Look, one should not attempt to remove their own diseased appendix for the same reason they should not represent themselves in a court of law.
Ms. White clearly has pluck.
I wish her well.
My sincere hope is that the City of Deltona will tell their incredibly expensive attorneys to retract their fangs and detach themselves from the public teat, stop victimizing a civically active resident, and reach a reasonable agreement with Brandy White – one that recognizes and compensates the permanent and irreversible harm she has endured – then develop strong protections so that no citizen who attempts to participate in their government is forced to endure such a vengeful and spiteful attack in the future.
Quote of the Week
“If you could only address one issue during your first year as chair, which issue would it be?
The biggest issue that Volusia County faces now and certainly in the future is water quality and water quantity. The problem is when you just focus on that one thing, it encompasses so much more because of the way we develop. Every new home that is hooked up to water is reducing the amount of water and we really do have a problem that the aquifer is not keeping up now with the amount of water that we have.”
–Volusia County Council Chair Jeff Brower, as quoted in an interview with the Ormond Beach Observer, “Q+A with Volusia County Council Chair Jeff Brower: beach driving, the Loop and water quality,” Thursday, April 1, 2021
And Another Thing!
In years past, if someone said to me, “Did you hear Holly Hill is hosting a prestigious International sports tournament this week?” I would have assumed they were the victim of a closed head injury and called an ambulance. . .
But “The City with a Heart” is doing just that!

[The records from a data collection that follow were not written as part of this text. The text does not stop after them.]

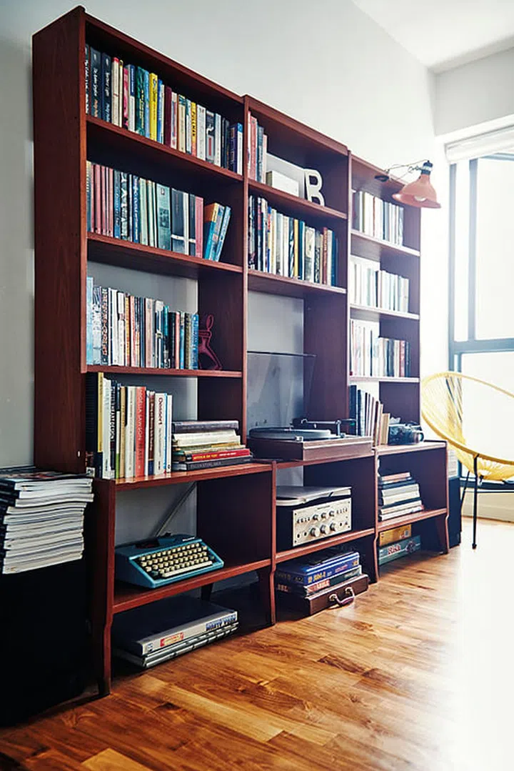This bookshelf from the 1970s houses a range of old items — the wife's extensive book collection (including the first book her father gave her), board games and a vinyl record player.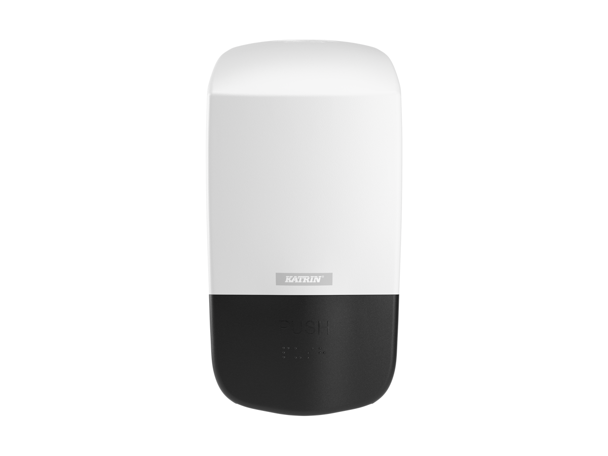 • Sæbedispenser fra Katrin, som kan bruges til alle sæbetyper: flydende sæbe, skumsæbe, alcogel, toiletdesinficering og kropssæbe.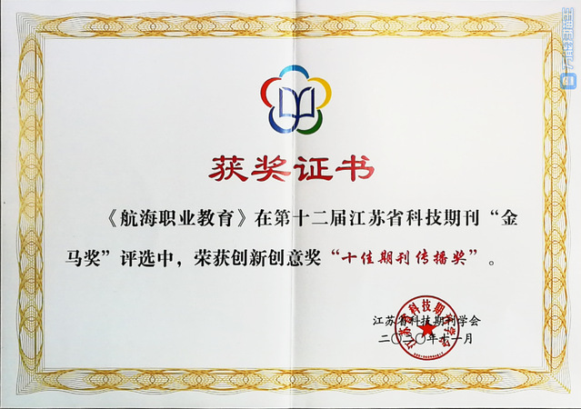 11月18日,江苏省科技期刊学会第八届会员大会暨第九届江苏科技期刊发展论坛大会在南京召开,会议同时举行了第十二届江苏科技期刊“金马奖”颁奖仪式,我校《航海职业教育》荣获“优秀期刊传播奖”。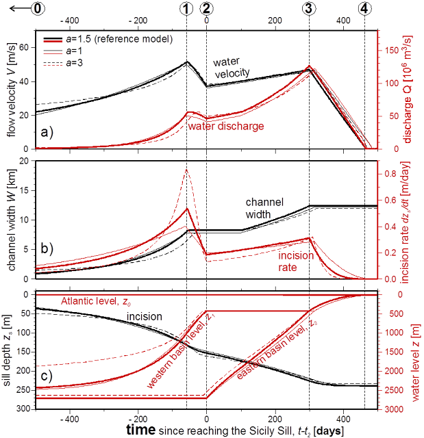 Possible evolution of the flood derived from the model. The lower panel shows the evolution of the seaway depth as it is eroded by the increasing flow of water (black lines, left scale) and the rising Mediterranean level (red lines). From our article in Nature.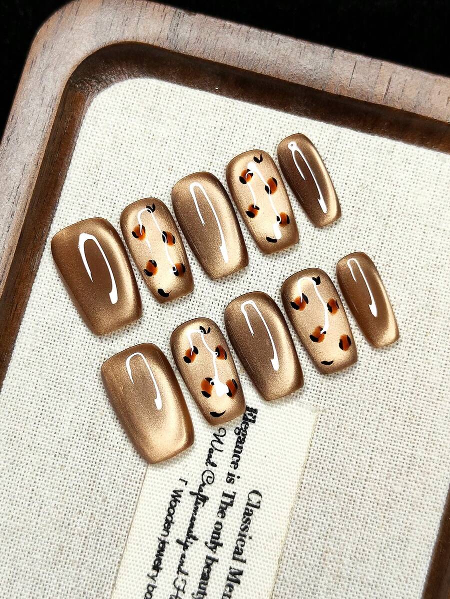 • 10片手工可佩戴美甲贴纸,按压式假指甲,圣诞节和万圣节礼物,猫眼渐变色,手绘豹纹,时尚高端,可重复使用,女孩必备礼物 - 棕色 - 查看 6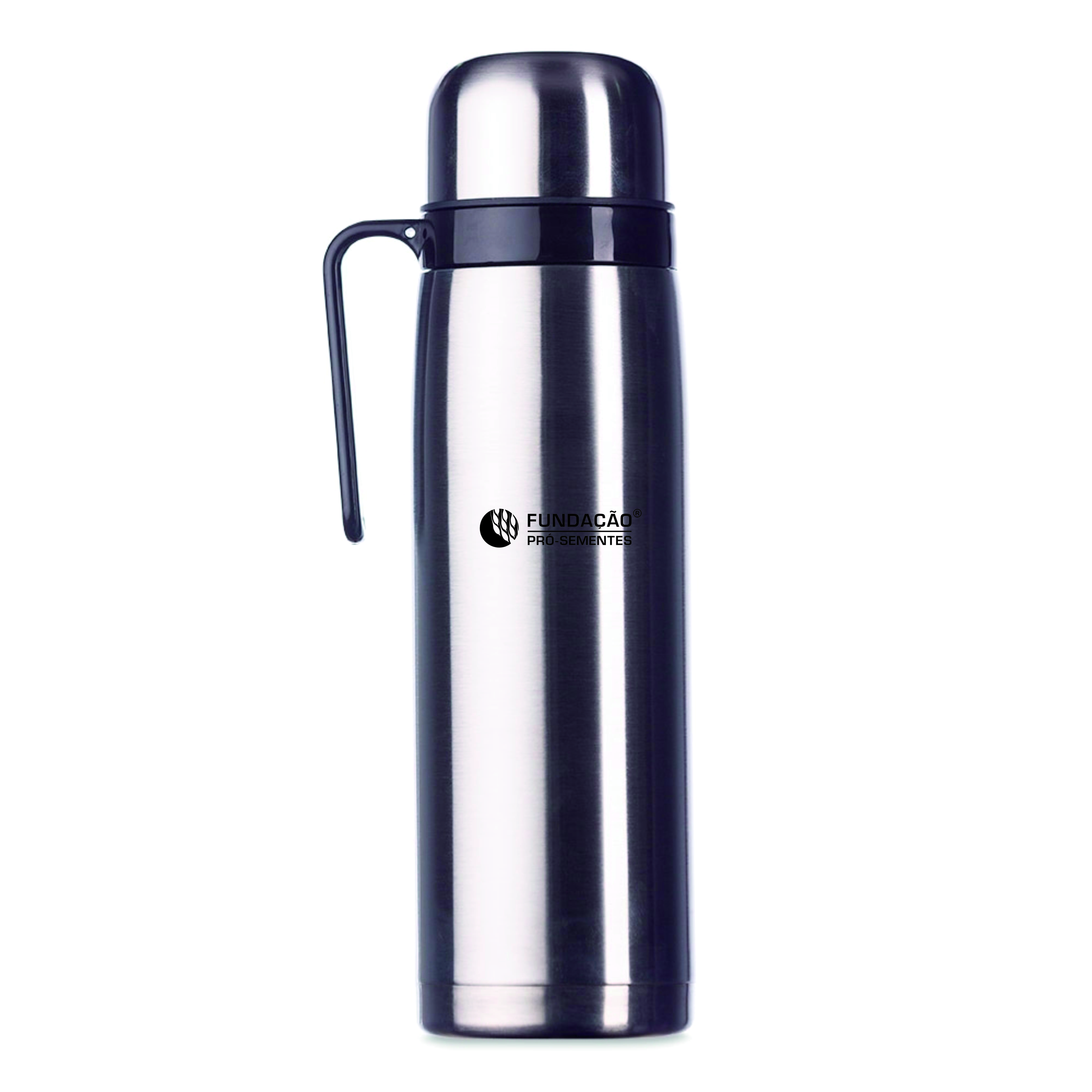 Garrafa térmica 1 litro em inox com alça plástica. Possui tampa rosqueável, tampa interna rosqueável com bico plástico vermelho.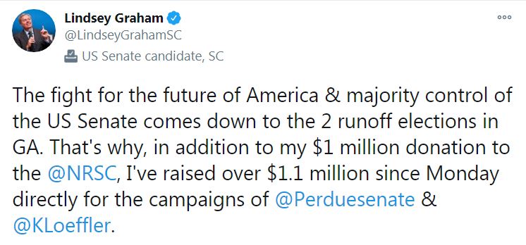 Thượng Nghị Sĩ Lindsey Graham quyên 1 triệu USD tái kiểm phiếu ở Georgia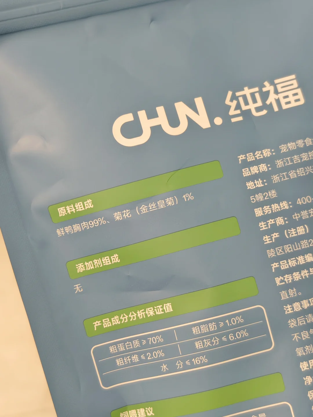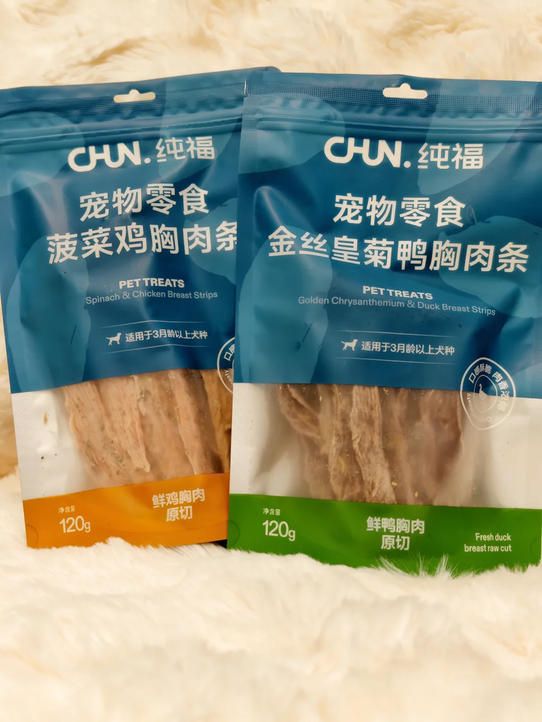 鸡肉鸭肉两款肉干我都入手了,看了一下配料都很干净,鲜肉➕菠菜和菊花,都很有针对性。鸡胸肉条是加菠菜碎的,可以帮助清新口气;鸭胸肉条是加了金丝皇菊,再加上鸭肉本身性凉,清热下火对泪痕比较友好。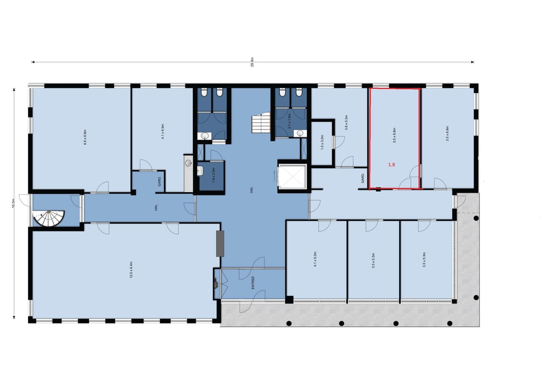 Op dit moment is beschikbaar unit 1.8 op de begane grond van ca. 25 m².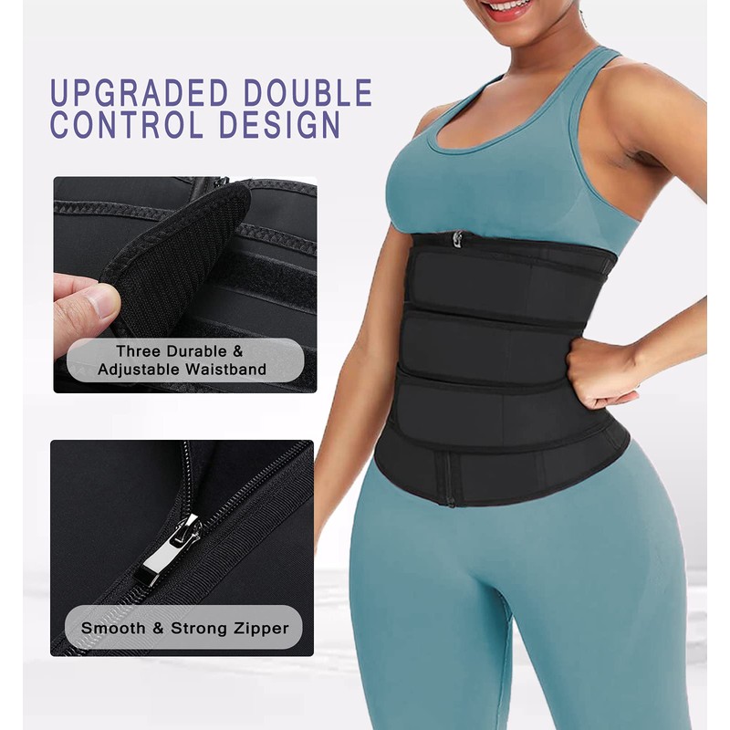 - ✅【Double Adjustable Straps Design】 - The abdomen double-layer compression design and wide design is wider than generic items, more area covered, more sweat comes, makes the abdomen effect more obvious. Three Belt + zipper combination design, and sticky adhesive. Easy to adjust the size. Built-in 9 STEEL BONES, support shaping effect is powerful and effective. Give you a perfect waist trimmer + waist trainer. it gets you a completely different feeling compared with others.

This week, Pictona and the City of Holly Hill is proudly hosting The Humana-Island Doctors Bainbridge Cup, described as “pickleball’s foremost international event.”
This year’s competition has drawn some 500 competitors, including 65 local entrants, and represents the first time the Bainbridge Cup tournament has been played in the United States.
This major event is sanctioned by the International Federation of Pickleball, who touts the $6 million Pictona complex “…as the finest pickleball facility in the world with 24 lighted courts, 8 covered courts, championship courts, a clubhouse and an onsite restaurant.”
In my view, Pictona is the most exciting addition to the Halifax area in decades.
Kudos to everyone involved for bringing this high-status sporting event to Holly Hill!
The tournament, which is free and open to spectators practicing COVID-19 safety protocols, continues through Sunday with competitive play beginning at 8:00am each day.
That’s all for me. Have a great weekend, y’all!